10/10/08

Asha Bajpai

Asha Bajpai is a law teacher at the Centre for Socio Legal Studies and Human Rights, Tata Institute of Social Sciences [TISS, Bombay]. She teaches and researches "law and social work", and "law and development".

Rachita Bansal

I finished the 5yr law course from Symbiosis Law College, Poona in 2005 after which I pursued Masters in Law from University of Warwick (International Economic Law). I worked as a corporate lawyer in Bombay for Kochhar and Co. for one year and have been now working in Delhi for Ms. Indira Jaising for the past 5 months. I handle all her public interest litigation in various High Courts and the Supreme Court.
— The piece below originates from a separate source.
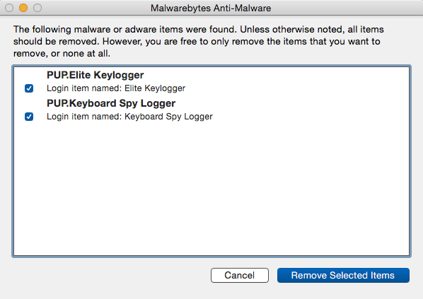 You specifically asked about Login Items in MalwareBytes. You should definitely use MalwareBytes to remove these items. What some people don't understand is that the list of "Login Items" in System Preferences is not a complete list. Any application can install its own login items using another method and they will not be listed in System Preferences. That is why you do not see those key loggers that MalwareBytes is reporting. It is because Apple doesn't show them to you. I recently added support in EtreCheck to report these new kinds of login items as well as other kinds of hidden tasks that are running the background. But unfortunately, I just don't have the resources to keep track of all the Mac adware and malware. It is reaching epidemic proportions. Sadly, and for reasons I do not understand, some people are doing everything in their power to make it worse.

I worked on the recent writ petition against the stay of the smoke-free rules and was the counsel for the anti tobacco NGOs. I read voraciously and I'm interested in being associated with LASSNET.

Dr. Dina M. Siddiqi

Dr. Dina M. Siddiqi is a cultural anthropologist with a strong interest in gender, human rights and transnational feminist politics. She is a South Asia specialist, with particular expertise on gender and Islam in Bangladesh. Her research and publications concern globalization and human rights, non-state dispute resolution systems, and the cultural politics of Islam. Dr. Siddiqi has worked for leading human rights organizations in Bangladesh including Ain o Salish Kendra, and has been a consultant for UNDP, UNICEF and the Royal Norwegian Embassy in Dhaka. She teaches anthropology and gender studies on a part-time basis in the United States. Dr. Siddiqi was Senior Research Associate at the Alice Paul Center for the Study of Women, Gender and Sexuality at the University of Pennsylvania from 2004-2007 and a Research Fellow at the Centre for Policy Dialogue, Dhaka in 2002. She is currently a core resource person and adjunct faculty member at the Centre for Gender, Sexuality and HIV/AIDS at the James P. Grant School of Public Health, BRAC University, Dhaka. She is part of the Core Advisory Group of the South Asian Network of Gender Activists and Trainers (SANGAT) and a member of the Coalition for Sexual and Bodily Rights in Muslim Societies (CSBR).